Time is just flying by! Last week the coffeeshop turned 5 months old, a few days before David and I celebrated our 3rd anniversary. 3 years. Dang. It's hard to believe how much we've been through in those three years. I was 19 when we met, and i'm about to turn 23 in a week and a half. I feel so lucky and grateful to be with him, and content with the life we are building together. We've been through heaven and hell together and I feel like we've landed on sweet earth.

Things are the shop are good! I'm getting my baking down to more of a science lately, since we finally purchased a big freezer so I can actually bake AHEAD instead of always baking for the same day.

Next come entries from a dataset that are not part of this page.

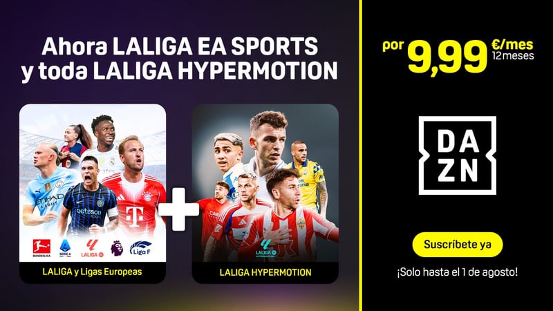 Además, hasta el 1 de agosto, el plan Fútbol de DAZN se puede conseguir por tan solo 9,99 €/mes durante un año (suscripción anual). Es exactamente el mismo precio que tenía la suscripción a LALIGA HYPERMOTION la pasada temporada, que dejará de ofrecerse de forma independiente. A partir del 1 de agosto, la suscripción anual volverá a su precio sin promoción de 19,99 €/mes.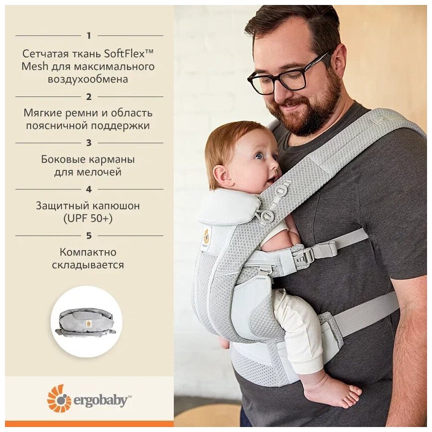 Эргорюкзак- хипсит для малышей от 0 / Ergobaby OMNI Breeze - Pearl Grey/ сумка рюкзак для мамы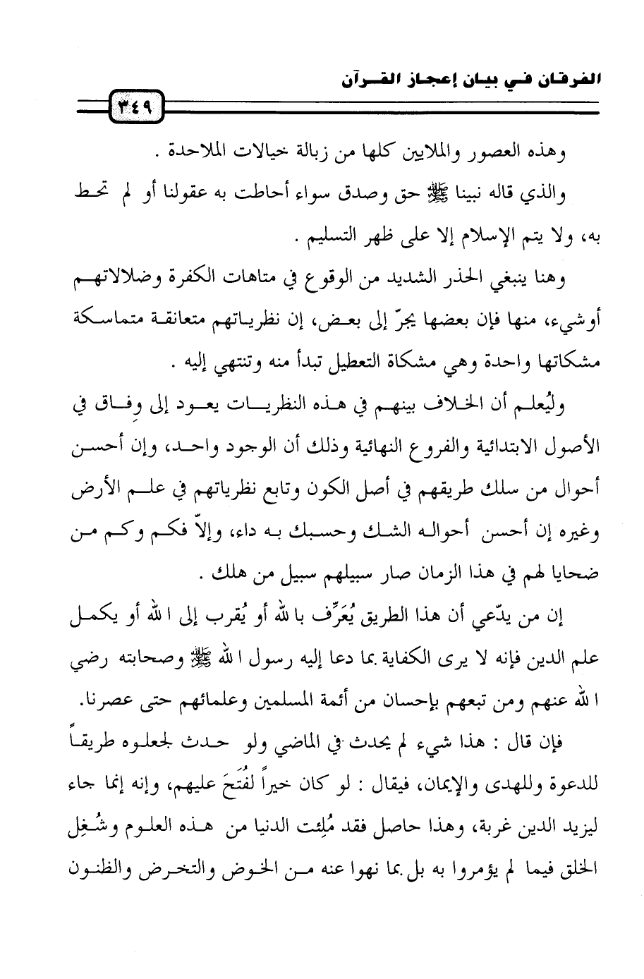 فإن قال: هذا شيء لم يحدث في الماضي ولو حدث لجعلوه طريقاً للدعوة وللهدى والإيمان، فيقال: لو كان خيراً لفُتِحَ عليهم، وإنه إنما جاء ليزيد الدين غربة، وهذا حاصل فقد مُلئِت الدنيا من هذه العلوم وشُغِل الخلق فيما لم يؤمروا به بل بما نهوا عنه من الخوض والتخرص والظنون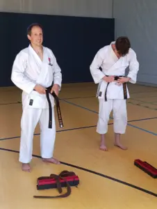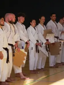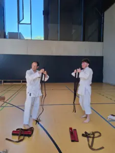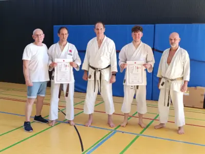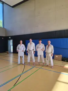 Am Samstag, den 28. Juni, fand in Ehrenfeld beim Jubiläumslehrgang des Shintai Köln ein bedeutender Moment für Kalin und Helge statt. Die beiden Karateka haben ihre Prüfung zum ersten DAN erfolgreich bestanden, ein großer Meilenstein in ihrer Karate-Karriere! Das Wetter war an diesem Tag äußerst heiß, was die Anspannung und die Anstrengung noch zusätzlich erhöhte.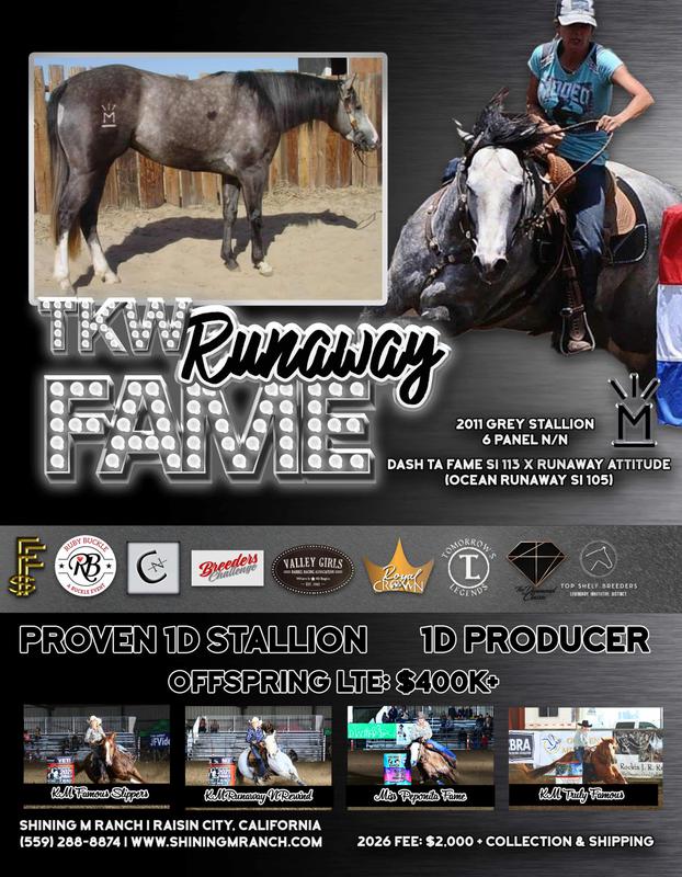 THE BELOW STALLIONS AND THEIR OFFSPRING ARE ELIGIBLE FOR THE STALLION INCENTIVE PROGRAM (SIP) AT THE C-N CALIFORNIA FUTURITY BUT ARE NOT UP FOR BID. 100% OF MONEY RAISED FROM THE BELOW STALLIONS WILL GO TO THE SIP AND FUTURITY ADDED POT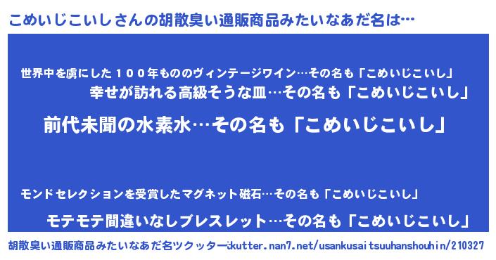 | 意味不明あだ名 | 『永久保存こめいじこいし』 |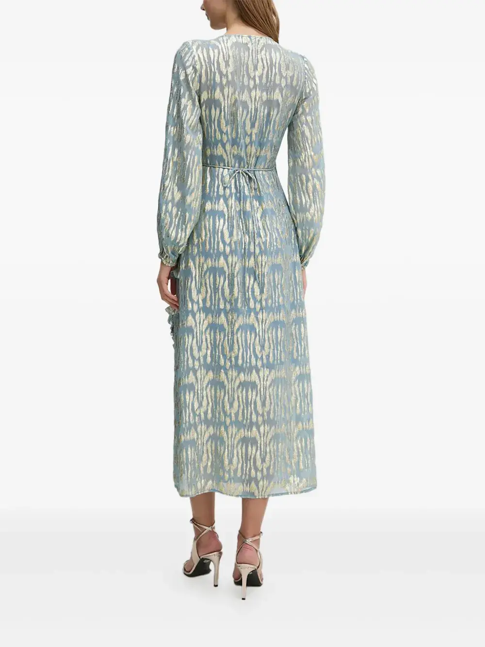 Платье миди с оборками и эффектом металлик NEVER FULLY DRESSED, синий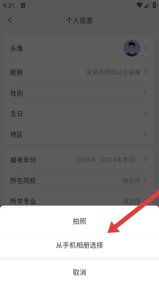 4、選擇從手機相冊選擇或拍照,選取目標照片,完成頭像更換。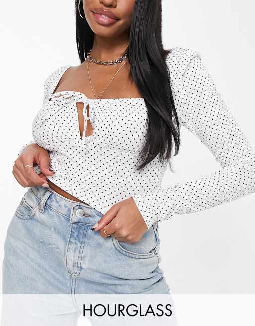 Top de copas grandes y manga larga con escote cuadrado, detalle de lazada y estampado de lunares de ASOS DESIGN

We've also hired some more wait staff, so I get a bit of a break from my double life of baking and waitressing -- er, that is, now I'm baking and managing and waitressing occasionally. We're carefully planning out some expansion plans which will include a larger coffee roaster, as well as constructing a kitchen in the back and adding a bit more space for tables. We're trying hard to plan an expansion in quality, not variety of service. as in, we're not going to jump into becoming a restaurant or anything, but we'll just try to have a more steady supply of the same stuff, since we're doing well with what we've got already.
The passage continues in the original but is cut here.